Лазуткин обнял его и увел в другую комнату.

«Оба осиротели!» — подумал я, смотря им вслед. И не жалость, а какое-то нехорошее, злорадное чувство промелькнуло в моем потемневшем сердце — чувство довольства, что я не одинок в моем страдании… А какое же это было — мое страдание?!

LXIV

Я поместился в темном углу залы и оттуда смотрел на то, что делалось кругом. Но я в то же время чувствовал, что это созерцание было совершенно пассивно, и что мне нужно много усилий, чтобы понять то немногое простое, но весьма печальное, что творилось кругом меня.

Вскоре и то немногое, что я понимал, стало для меня неясным. Я потерял временно сознание и погрузился в какой-то туман, из которого затем ничего не мог припомнить.

В первом часу ночи Винкель подошел ко мне и толкнул меня, спросив тихо:

— Ты спишь?

Но я не понял его. Я даже не узнал его.

Затем помню, как двое каких-то офицеров взяли меня под руки и отвели меня в мою квартиру. Помню, что во мне не было ни воли, ни желания сопротивляться им. Я сделался полным автоматом.

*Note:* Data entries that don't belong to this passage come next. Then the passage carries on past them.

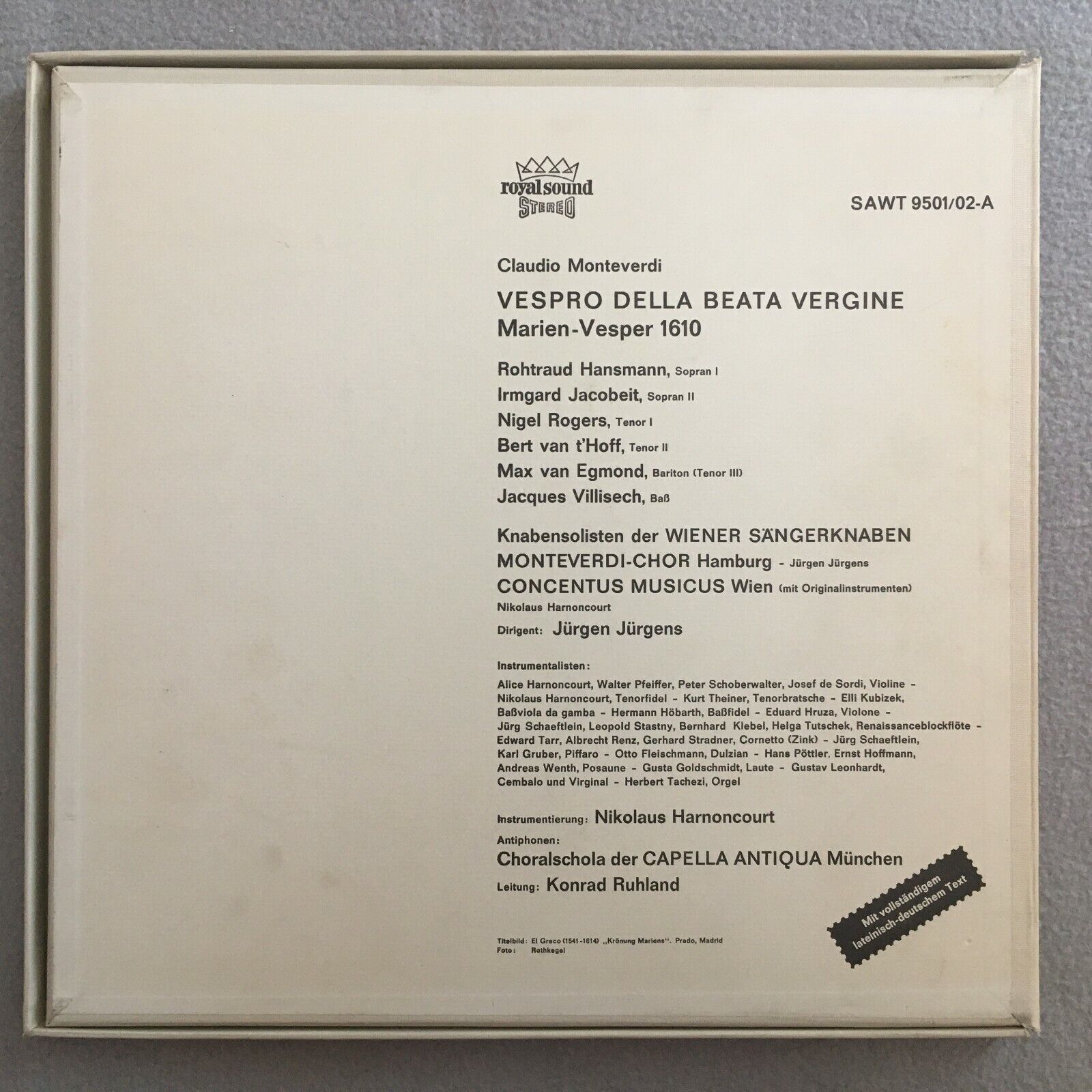 B337 Monteverdi Marien-Vesper Harnoncourt 2LP Telefunken SAWT 9501/02-A Stereo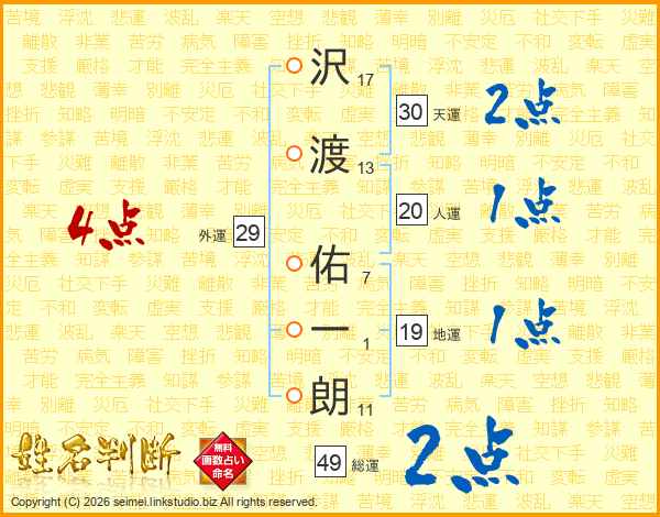 沢(17画)渡(13画) 佑(7画)一(1画)朗(11画)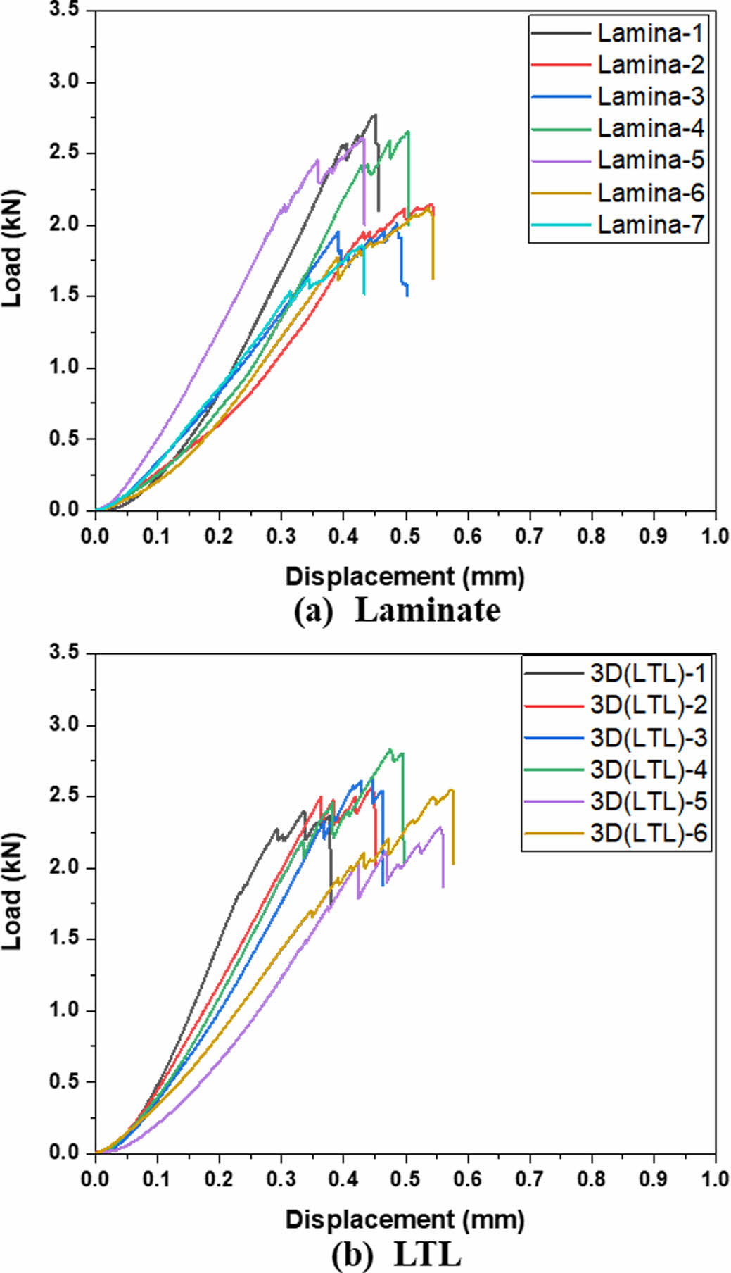 Fig. 16은 적층형과 LTL 인장 시험편의 하중-변위 곡선을 나타낸 것이다. 두 그래프 모두 유사한 인장거동을 보이는 것을 확인할 수 있다. 이러한 이유로는 인장 시험편을 제조하기 위하여 약 3.5 mm의 두께를 가진 적층형과 3D프리폼 탄소섬유 Fabric을 여러 장 적층 하여 제조하였는데, 3.5 mm의 두께를 가진 층과 층 사이는 에폭시 수지로만 결합이 되어 있어 섬유 간 결합이 낮고 그로 인해 수지의 비율이 상대적으로 높은 섬유 층과 층 사이에서 파손이 발생하였기 때문이다.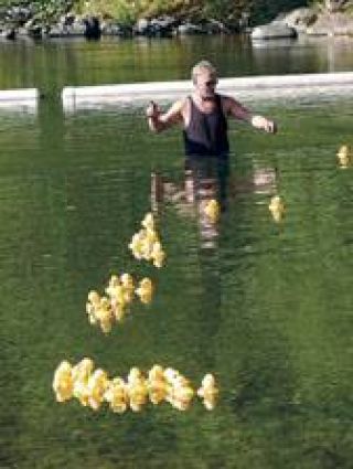 As the first ducks reached the finish line, they brought prizes for those who had bought ducks as part of the annual fund raiser sponsored by the Enumclaw Community Hospital Foundation and local Rotary Club. The two groups split the profits, about $7,200 for each.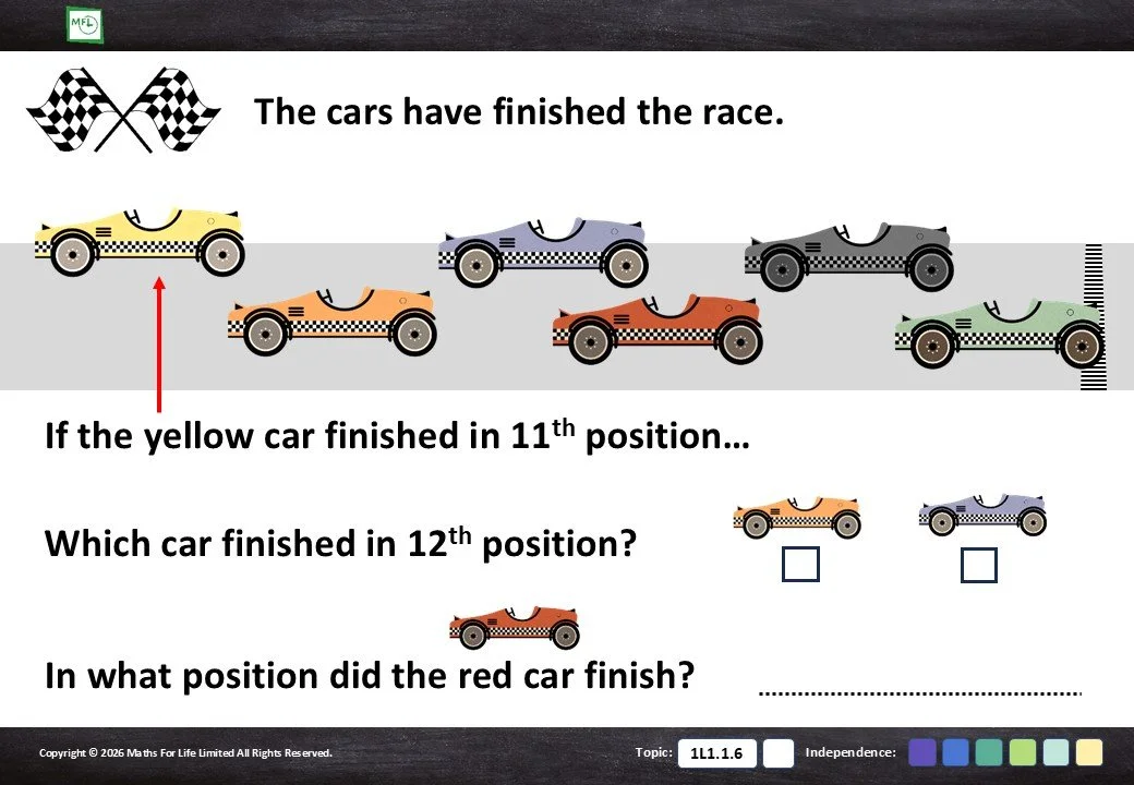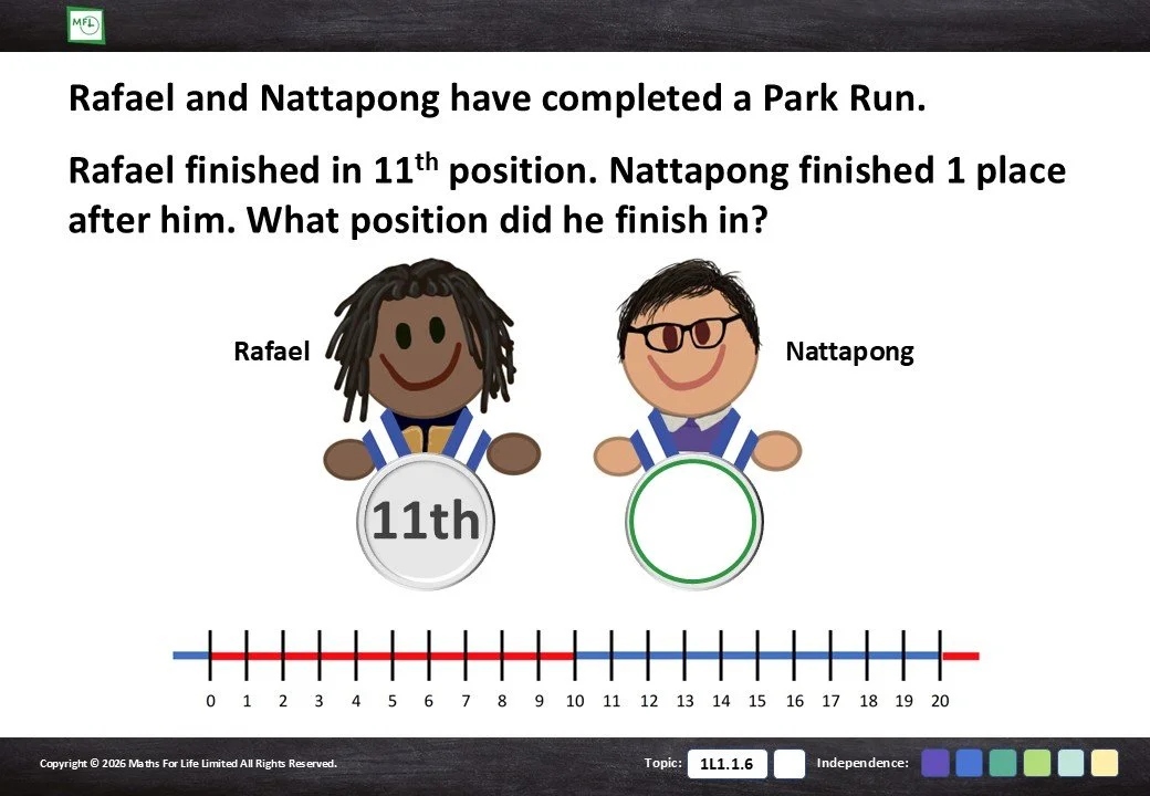 Work out the position a character finished a park run by adding or subtracting from ordinal numbers.

На другой день я точно так же автоматически, бессознательно снова отправился к Лазуткиным и просидел там в углу на стуле до поздней ночи. Впрочем, об этом мне рассказывали уже потом, а сам я постоянно был в бессознательном состоянии.

Как сквозь сон я помню похороны, помню ту минуту, когда все засуетились, стали опускать гроб в могилу.

Но все это только проблески сознания, самые мгновенные, после которых я снова погружался в мою апатию.

Наконец и эти проблески исчезли. Наступила темная ночь, и над моим состоянием немало тогда поломал голову наш простой и добрый Василий Иванович. Этот странный психиатрический процесс тянулся уже пятые сутки. Все средства тогдашней медицины были истощены.

Меня кормили насильно, вливая мне бараний бульон в рот сквозь стиснутые зубы. Грудь и спина были растравлены мушками. Макушка головы была выбрита, и на нее капали холодную воду. Но все было напрасно.

Мое сознание, мое психическое я не возвращались. У меня осталось и до сих пор воспоминание о моих жестоких физических страданиях, но что и как совершалось со мной тогда, я положительно не сознавал и не могу припомнить.

Только долго спустя один доктор-москвич, психиатр, поклонник Кленке, объяснил мне все развитие моей болезни и указал, как медленно, тяжелыми психическими толчками, она развивалась.

Наконец, недели через две, когда меня собрались уже везти в Тифлис как безнадежно больного, вдруг приспело мое неожиданное спасенье.

LXV

Тот день, в который вернулось ко мне мое полное сознание, остался надолго, — да, я думаю, останется навсегда, до конца моих дней — незабвенным сияющим воспоминаньем всей моей жизни.

Это был действительный, настоящий кризис болезни, было действительное внутреннее, а не наружное средство, которое вдруг, разом, обхвативши всю мою душу, дало ей толчок в другую сторону.

Помню, что за несколько дней до этого кризиса я уже смутно предчувствовал его и начинал, словно сквозь сон, припоминать факты и события из прошедшего и окружающего меня.

Помню, около меня постоянно были две женщины, из которых одну я принимал за Марью Александровну и с этим именем постоянно обращался к ней, а другую я считал Авдотьей — женой одного из наших полковых вахмистров.